START Listed records

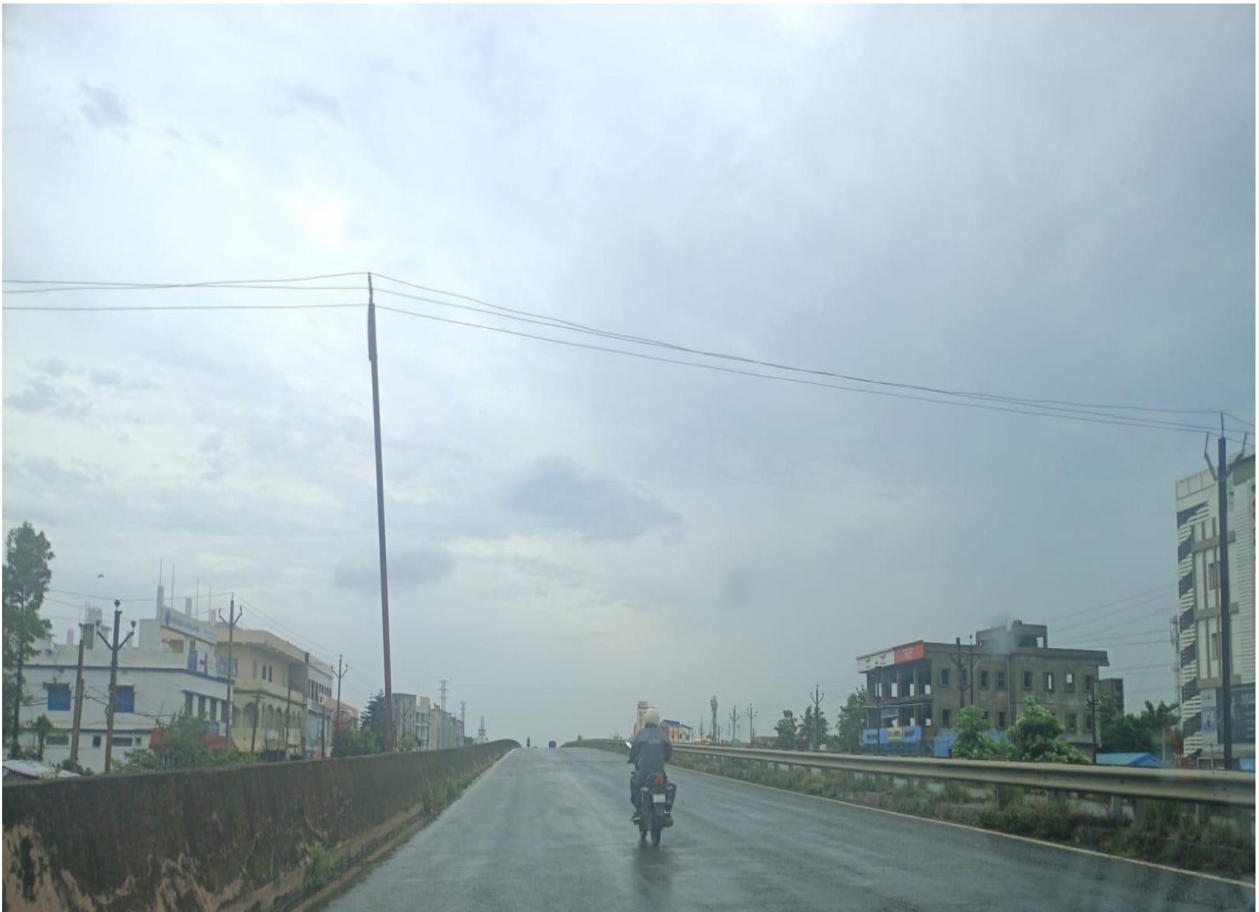
IMAGE: Bridge; Risk Level: High; Coordinates: 21.511436 , 86.892188
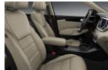
EX alap kivételű bézs szövetskárpit
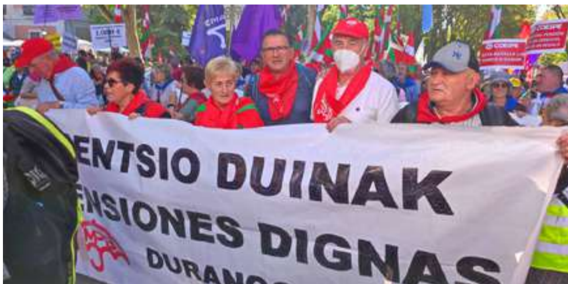
Durungaldeko pentsiodunak iaz Madrilan egindako mobilizazio batean.
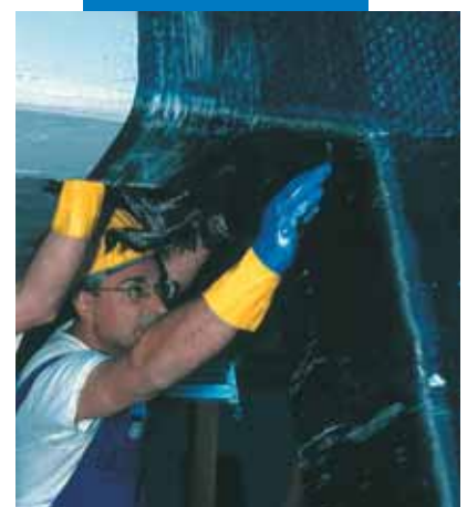
Fajado de un encuentro viga-pilar
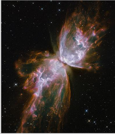
Image de La nébuleuse du papillon (NGC 6302) obtenue par le télescope Hubble.
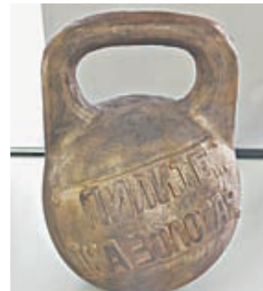
Эта гири сверху покрыта золотистой мукой.

– Ой какая! Это на нее сколько плиток шоколада ушло! Наверное, целый КамАЗ.
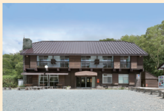
鳩待山荘では、宿泊と日帰り入浴ができます。休憩所では、お土産も充実！

至仏山荘 至仏休憩所 軽食をご用意あります。尾瀬名物の花豆ソフトクリームをぜひ！
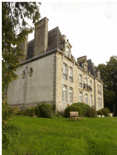
Elévation sud et pignon ouest IVR53_20113503391NUCA
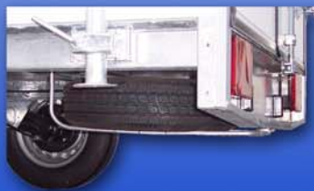
Roue de secours et support
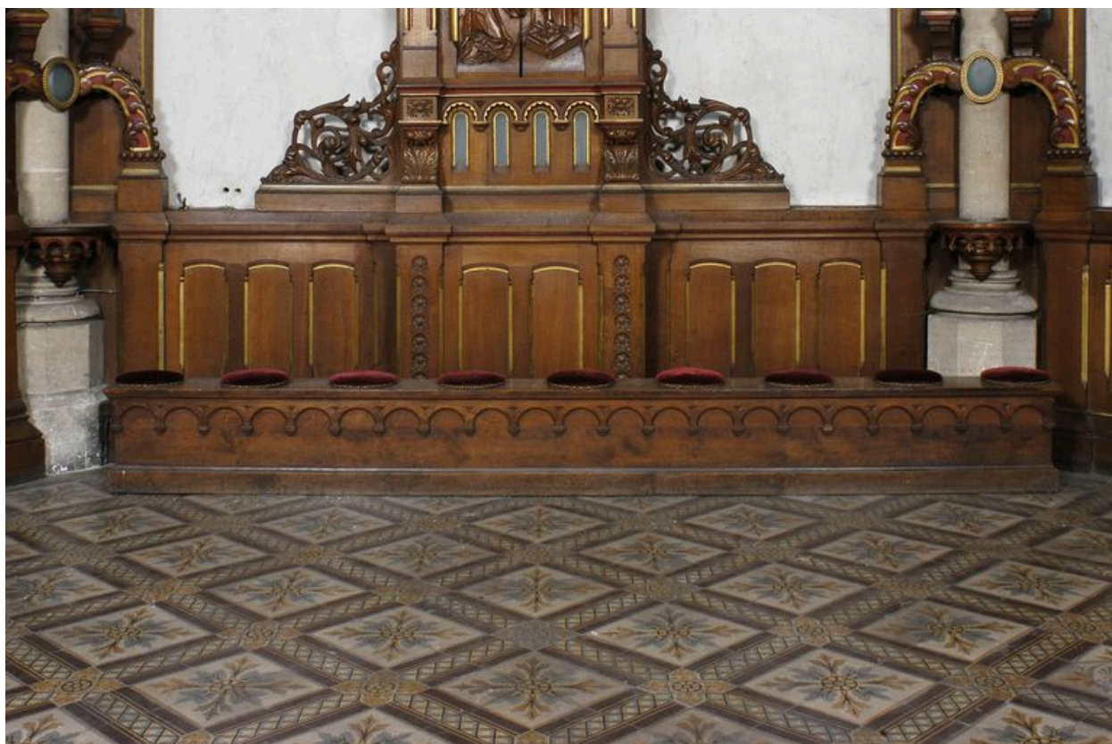
Banc (actuellement conservés dans les chapelles des transepts).
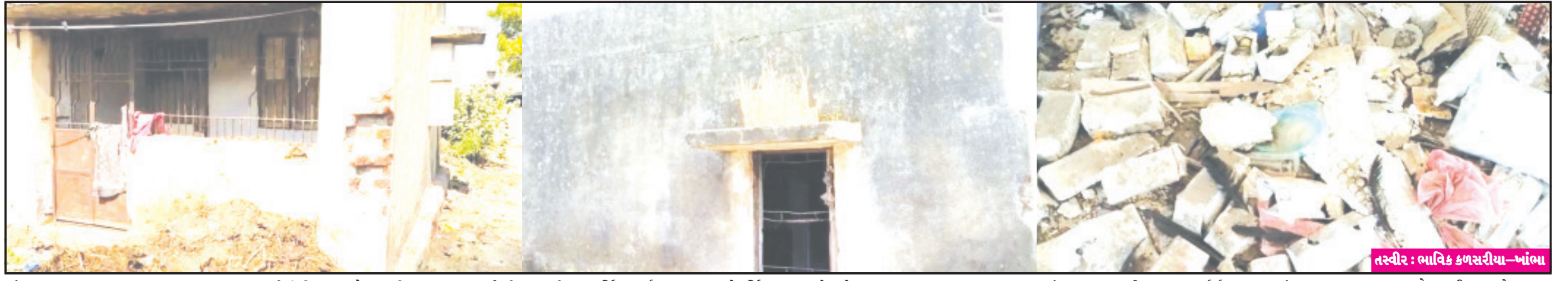
ખાંભા, તા. ૨૪ અમરેલી જિલ્લા આરોગ્ય વિભાગ દ્વારા ૨૫ વર્ષ પહેલા બનાવેલ નર્સિંગ ક્વાર્ટર ચાલુ ન કરાતા કે નર્સિંગ સ્ટાફને રહેવા ન ફાળવતા વગર વપરાશ ખંડેર હાલતમાં જોવા મળી રહ્યા છે. ખાંભાના ભગવતીપરા ખાતે જિલ્લા આરોગ્ય વિભાગ દ્વારા ૨૫ વર્ષ પહેલા સંપૂર્ણ સુવિધાજનક બે ક્વાર્ટર્સ બનાવવામાં આવ્યા બાદ નર્સિંગ સ્ટાફને ફાળવવા વગરના ખાલી પડેલા બંને ક્વાર્ટર્સ ભંગારના ડેવા સમાન જોવા મળી રહ્યા છે. હાલ બારી-દરવાજા (અનુસંધાન પાના ૬ ઉપર)

અઠી દાયકા પહેલા બનેલ આરોગ્યકર્મીઓ માટેના ક્વાર્ટર વગર ઉપયોગે ખંડેર બની ગયા બંને ક્વાર્ટરમાં સરકારી ફાઇલો અને દવાઓ સહિતનો મુદ્દામાલ ભંગાર હાલતમાં જોવા મળે બારી-દરવાજા વગરનાં ક્વાર્ટરમાં અસામાજિક તત્વોની પ્રવૃત્તિ વધી હોય તેવું જોવા મળે છે જિલ્લાનાં આરોગ્ય વિભાગનાં ઉચ્ચ અધિકારીઓ આગળ ખંખેરી યોગ્ય કરે તેવી માંગ ઉભી થઈ
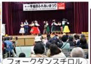
フォークダンスチロル
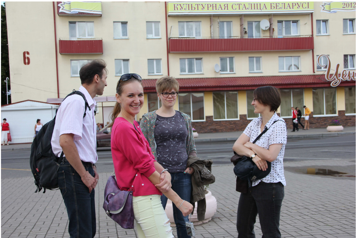
in Neswizh – der „Kulturhauptstadt von Belarus 2012“
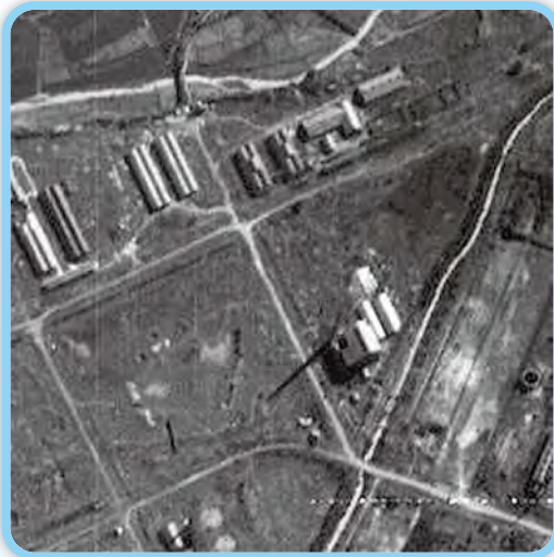
↑圖一：1946 年美軍航空照片下的六燃，高大的煙囪下拉長了影子
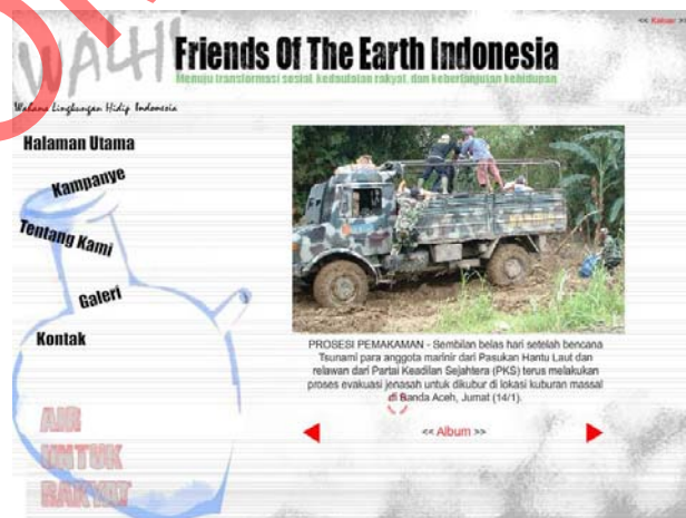
Gambar 5.7 Halaman Sub Galeri II
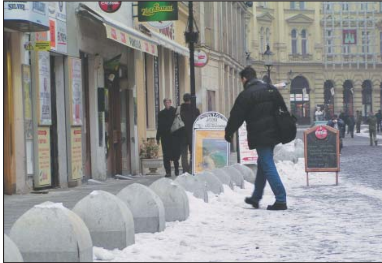
Z časti Laurinskej ulice je pešia zóna, kamenné zábrany sú už teda zbytočné.

Presný počet „biskupských klobúkov“ rozmiestnených v centre mesta nie je známy. Dôvodom je podľa V. Glasu to, že kamenné zábrany v tvare biskupského klobúka nerozmiestňuje len mestská časť, ale aj magistrát, pretože niektoré komunikácie spravuje mesto, a sú aj zábrany, ktoré osadili iné subjekty. Osadzovanie „biskupských klobúkov“ na uliciach v centre mesta treba podľa jeho vyjadrenia zvažovať citlivo, pretože sú pomerne široké a v niektorých prípadoch by mohli zužovať priestor pre chodcov. (ver)
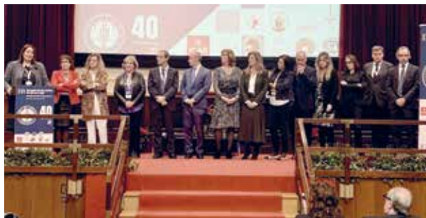
La degana de l'ICAT durant la lectura de la carta oberta als professionals del torn

En el marc de les Jornades de Juntes de Govern celebrades el dia 1 de desembre de 2023, el Consell de l'Advocacia Catalana va fer pública una carta oberta als més de 6.500 professionals que presten el servei del torn d'ofici en la que es detallava l'estat de les negociacions amb el Departament de Justícia per la millora de la justícia gratuïta. Aquest és el primer cop que els catorze col·legis de l'advocacia s'uneixen en una sola veu per reivindicar i defensar unes retribucions dignes per al torn d'ofici. Fins al moment, i tot i les més de trenta reunions mantingudes amb el Departament de Justícia i altres conselleries, les propostes plantejades resulten encara clarament insuficients i, per acord plenari del Consell de l'Advocacia Catalana, no s'han acceptat i així s'ha comunicat formalment. El principal dèficit de la proposta d'acord recentment proposat és que queda supeditada als pressupostos de la Generalitat de 2024, que al tancament d'aquesta edició de la revista encara estaven pendents de tramitació, i al sostre de despesa que li pertocarà al Departament de Justícia per l'any vinent, que actualment encara es desconeix.

END Listed records

_Action item_
Which lines above include the word "વગરન"? Pick them out and copy them.

_Expected answer_
ખાંભા, તા. ૨૪ અમરેલી જિલ્લા આરોગ્ય વિભાગ દ્વારા ૨૫ વર્ષ પહેલા બનાવેલ નર્સિંગ ક્વાર્ટર ચાલુ ન કરાતા કે નર્સિંગ સ્ટાફને રહેવા ન ફાળવતા વગર વપરાશ ખંડેર હાલતમાં જોવા મળી રહ્યા છે. ખાંભાના ભગવતીપરા ખાતે જિલ્લા આરોગ્ય વિભાગ દ્વારા ૨૫ વર્ષ પહેલા સંપૂર્ણ સુવિધાજનક બે ક્વાર્ટર્સ બનાવવામાં આવ્યા બાદ નર્સિંગ સ્ટાફને ફાળવવા વગરના ખાલી પડેલા બંને ક્વાર્ટર્સ ભંગારના ડેવા સમાન જોવા મળી રહ્યા છે. હાલ બારી-દરવાજા (અનુસંધાન પાના ૬ ઉપર)
અઠી દાયકા પહેલા બનેલ આરોગ્યકર્મીઓ માટેના ક્વાર્ટર વગર ઉપયોગે ખંડેર બની ગયા બંને ક્વાર્ટરમાં સરકારી ફાઇલો અને દવાઓ સહિતનો મુદ્દામાલ ભંગાર હાલતમાં જોવા મળે બારી-દરવાજા વગરનાં ક્વાર્ટરમાં અસામાજિક તત્વોની પ્રવૃત્તિ વધી હોય તેવું જોવા મળે છે જિલ્લાનાં આરોગ્ય વિભાગનાં ઉચ્ચ અધિકારીઓ આગળ ખંખેરી યોગ્ય કરે તેવી માંગ ઉભી થઈ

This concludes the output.